Several methods have been used to measure food purchasing patterns, with each approach providing information with different levels of granularity. A number of studies have analyzed grocery receipts in order to tabulate food expenditures (in currency units) within different categories (e.g., sugar-sweetened beverages, fruits and vegetables, packaged snacks) [2025]. Using this approach, French et al. [22] determined that 2 weeks of receipt collection was sufficient to adequately estimate household food purchasing patterns. It is also possible to obtain detailed estimates of the nutrient content of food purchases by pairing purchase data from individual research subjects with nutrition information for purchased products. Detailed information on the type, brand, and amount of each purchased product can be documented through digital photography [3] or the use of a handheld barcode scanner [2628], and nutrition information for each product can then be extracted from commercially available nutrition analysis software or a retailer’s proprietary database. Large consumer-driven databases (e.g., Nielsen’s National Consumer Panel [26], USDA National Household Food Acquisition and Purchase Survey [29]) include both expenditure and nutrition data for purchases scanned by panelists after each shopping trip. These databases include purchases from multiple sources, but their reliance on potentially unreliable user-driven documentation methods is a key limitation [26].

Though it is logical to presume that food purchases are an accurate proxy for dietary intake (i.e., that people eat what they buy), this assumption has not been rigorously tested. The relative contributions of away-from-home foods, food waste, and consumption by other household members may each affect the degree to which episodes of food purchasing reflect actual dietary intake. Only two research groups have compared the nutrient content of food purchases and dietary intake. Ransley et al. [30, 31] derived the energy and fat content of food purchases using receipts collected by UK supermarket shoppers, and Eyles et al. [32] trained 49 New Zealand adults to record their supermarket purchases with a handheld scanner. Strong correlations between nutrient estimates from food purchases and reported dietary intake were observed in both of the aforementioned studies. However, only purchases from a single supermarket were examined.

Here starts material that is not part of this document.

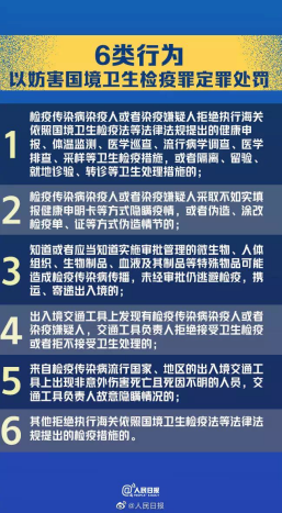 遵守防疫规定是所有入境人员的基本要求,如果因一己之私,增加疫情风险,妨害公共安全,必将受到依法严惩。3月16日上午,最高人民法院、最高人民检察院、公安部、司法部、海关总署联合发布《古天乐代言太阳集团网址进一步加强国境卫生检疫工作依法惩治妨害国境卫生检疫违法犯罪的意见》,六类可能定罪入刑的妨害国境卫生检疫行为,包括拒绝执行健康申报、体温监测、医学巡查、流行病学调查等卫生检疫措施,采取不如实填报健康申明卡等方式隐瞒疫情,以及出入境交通工具负责人拒绝接受海关卫生检疫或者故意隐瞒疫情等。

The present study sought to determine whether household food purchases could be used to accurately estimate diet quality and nutrient intake in adults who purchase the majority of foods for their household. Packaged and non-packaged food purchases from all food sources were documented through a protocol that combined receipt collection and annotation with digital photography. It was hypothesized that nutrient densities and Healthy Eating Index-2010 diet quality scores derived from 2 weeks of household food purchases would demonstrate agreement with estimates calculated from three contemporaneous 24-h diet recalls. The degree to which agreement varied with key participant characteristics (e.g., social desirability, body mass, household size and income) was examined.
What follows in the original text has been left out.